BOOK REVIEW - IT Doesn't Matter

IT Doesn’t Matter.

This book is basically a rebuttal to Carr’s argument that Information technology has become a commodity and therefore no longer a distinguishing factor relative to competitive business strategy.

The book is an interesting read, and a quick one at 120 pages. The authors contend that the original article, IT doesn’t matter, would not have garnered a fraction of the attention that it received, had it not been published in a periodical prestige, as is the Harvard Business Review (HBR).

The HBR has a history of what a non-academic (such as myself) might refer to as alarmist sensationalism, and this is not the first time that an HBR article has been the catalyst for relatively wide-spread academic of poor business decision.

The books authors do a good job of debunking Carr’s intentions, though, as business focused writers, they tend to accept the commoditization of computing technology and subjugate it to “Business Process, Process.”

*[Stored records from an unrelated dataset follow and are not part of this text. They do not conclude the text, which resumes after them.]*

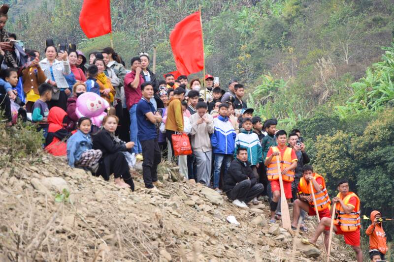 Along both banks of the river, a large number of people and tourists stood crowded on the alluvial ground, enthusiastically cheering, adding momentum for the racing teams to break through the waves to reach the finish line.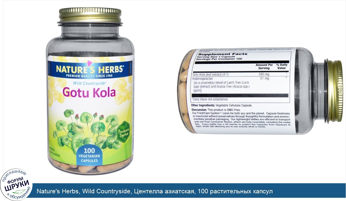 Nature's Herbs, Wild Countryside, Центелла азиатская, 100 растительных капсул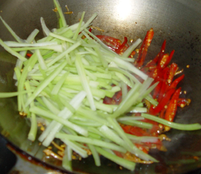 3、炒香泡椒絲,放芹菜絲翻炒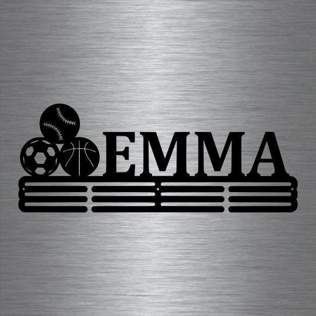 Custom Name Soccer Ball, Basketball, And Baseball Softball Medal Hanger Holder Display Rack 3 Rung, Cut Metal Sign, Metal Wall Art, Laser Cut Metal Signs Custom Gift Ideas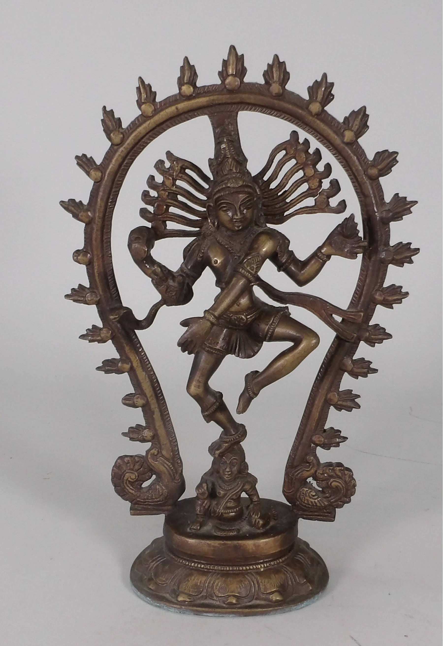 Nataraja means "king of dance". It is the name given to the Hindu god Shiva. There is so much symbolism in this statue. It weighs 4 lb. 9 oz.

The book basically devalues the entire IT Industry and suggests that the technology doesn’t matter, just the ways companies implement their business processes using the technology. I’d say far was an idiot, but idiots doing get to write for the Harvard Business Review so instead I’ll suggest that the confusion lies in the vocabulary.

I’m guessing that what Carr really means is that those technologies which have become commodities no longer, in and of themselves, differentiate business advantage.

I agree.

But advances in Software, Hardware, and Network Connectivity DO MATTER.

It is these advances are what not only enable the solutions that DO differentiate business advantage, but these innovations catalyze the solutions that we haven’t thought of yet.

I think this book is an interesting read.

I think Carr’s article is another proof point that there is a great divide between IT in the REAL WORLD and in academics.